### TASK DIRECTIONS
Ignoring every picture, return the lines of the listing below word for word, from the line that holds "Dining on Dear" through the line that holds "T86政策的变动历程可谓一波".

### RECORDS PROVIDED
========================================================================
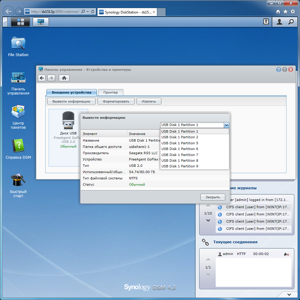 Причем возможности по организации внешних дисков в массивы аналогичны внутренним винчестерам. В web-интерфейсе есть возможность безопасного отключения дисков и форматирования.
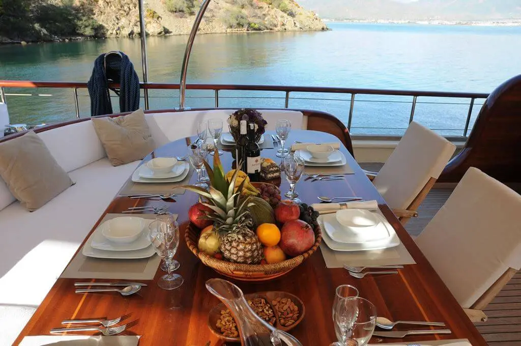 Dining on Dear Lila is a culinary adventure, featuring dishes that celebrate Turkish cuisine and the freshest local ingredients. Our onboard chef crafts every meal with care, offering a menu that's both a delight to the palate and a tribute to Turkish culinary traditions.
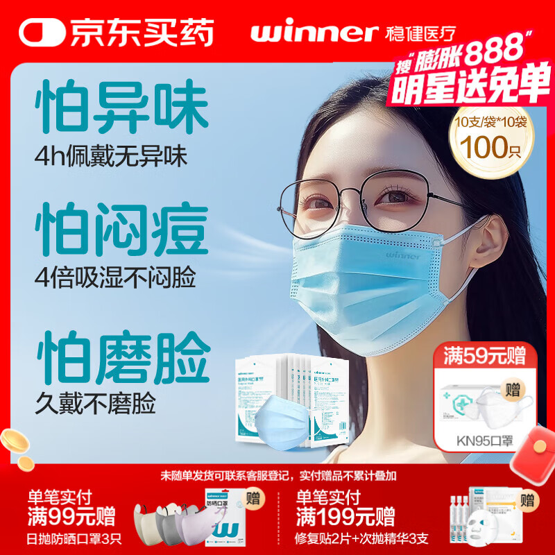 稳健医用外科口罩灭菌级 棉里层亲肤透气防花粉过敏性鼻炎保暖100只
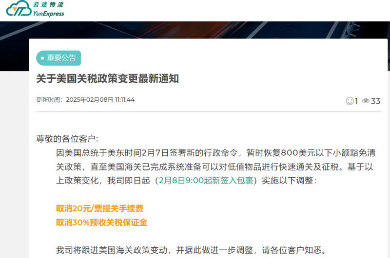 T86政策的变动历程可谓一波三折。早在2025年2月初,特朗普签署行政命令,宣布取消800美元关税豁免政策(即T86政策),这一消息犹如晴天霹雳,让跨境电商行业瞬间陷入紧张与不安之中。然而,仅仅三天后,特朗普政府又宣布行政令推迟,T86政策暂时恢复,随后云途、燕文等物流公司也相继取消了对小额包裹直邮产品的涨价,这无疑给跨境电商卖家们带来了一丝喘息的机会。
========================================================================
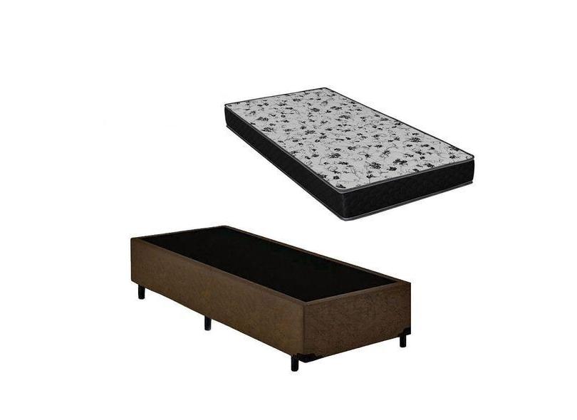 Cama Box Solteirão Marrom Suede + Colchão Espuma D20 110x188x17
========================================================================
### TASK RESULT
 Dining on Dear Lila is a culinary adventure, featuring dishes that celebrate Turkish cuisine and the freshest local ingredients. Our onboard chef crafts every meal with care, offering a menu that's both a delight to the palate and a tribute to Turkish culinary traditions.
 稳健医用外科口罩灭菌级 棉里层亲肤透气防花粉过敏性鼻炎保暖100只
 T86政策的变动历程可谓一波三折。早在2025年2月初,特朗普签署行政命令,宣布取消800美元关税豁免政策(即T86政策),这一消息犹如晴天霹雳,让跨境电商行业瞬间陷入紧张与不安之中。然而,仅仅三天后,特朗普政府又宣布行政令推迟,T86政策暂时恢复,随后云途、燕文等物流公司也相继取消了对小额包裹直邮产品的涨价,这无疑给跨境电商卖家们带来了一丝喘息的机会。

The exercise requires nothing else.